Goku é sempre inocente, profundamente compassivo e na estrada eterna em busca da perfeição marcial (que em DBZ é utilizada como um substituto para a iluminação como retratada em Jornada ao Oeste). Em sua busca, no entanto, Goku aparentemente aliena-se, gastando menos tempo com sua família e comprometendo o seu relacionamento com sua esposa por constantemente colocar seu filho Gohan em perigo mortal.
Nesta história Goku é o herói hercúleo da mitologia grega ou o mártir da mitologia cristã. Podemos tentar imitá-lo, mas não podemos ser ele; ele está para nós como está para sua família, em um pedestal, sempre fora de alcance, ordenado pelos deuses, apoiado por um coro grego, e tem uma perfeição que é aparentemente inatingível.

Coro grego
O coro grego é um dispositivo teatral que tem suas origens no antigo teatro grego. Ele consiste em um grupo de pessoas, geralmente ao lado da área de atuação, que comentam as cenas e revelam informações ocultas que o público pode não estar à par.
O coro grego para DBZ tipicamente consiste de Kurilin, Yamcha, Tenshinhan e Chaos, mas é muitas vezes acompanhado por outros que, devido à sua relativa insignificância, são incapazes de participar da trama principal. 
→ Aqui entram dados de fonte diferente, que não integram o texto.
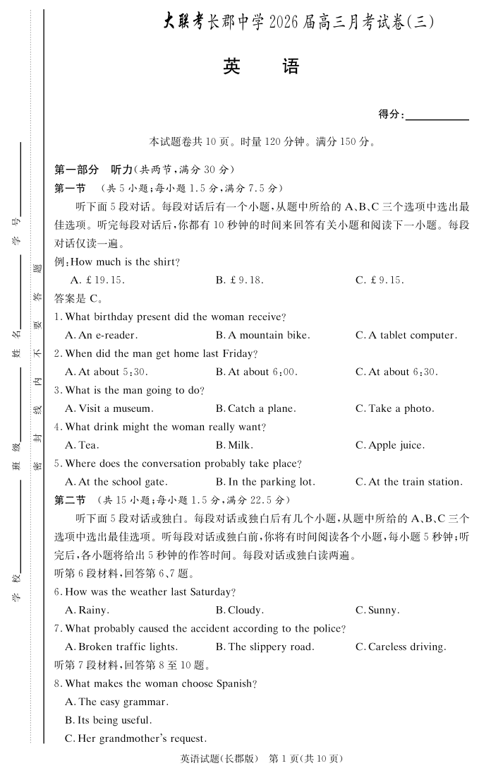 长郡中学2026届高三月考试卷(三)英语.pdf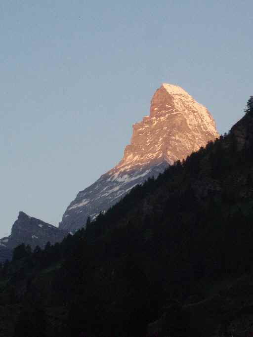 先月の21日以前はズーと全く山が見えない期間が続いていましたが、22日からは毎日晴れています。このところ夕立があったりして少し下り坂の気配です。そんなわけで今日は久しぶりに朝からマッターホルンに雲がかかっていて全く見えませんでした。

Há vários aspectos divinos em Dragon Ball, como as similaridades entre Goku e os mestres espirituais, e ainda a forma como o bem sempre triunfa sobre o mal.
Ao contrário do que muitos possam imaginar, Dragon Ball é uma obra que possui muitíssimas particularidades, rendendo extensas análises.
Vamos a partir de agora analisar tais particularidades. A maioria delas foram pesquisadas, e há ainda algumas de minhas próprias teorias.


Original Rei Enma, juiz dos mortos
Origem no misticismo oriental

Vagamente baseado em Jornada ao Oeste, que conta a jornada de peregrinos em uma missão sagrada para encontrar os sutras budistas da Índia, Dragon Ball é repleto de referências espirituais de uma perspectiva do Leste Asiático. Sun Wukong, o Rei Macaco, é o personagem em que Goku é baseado. E a inspiração para o próprio Sun Wukong é provavelmente Hanuman, o deus indiano e guerreiro.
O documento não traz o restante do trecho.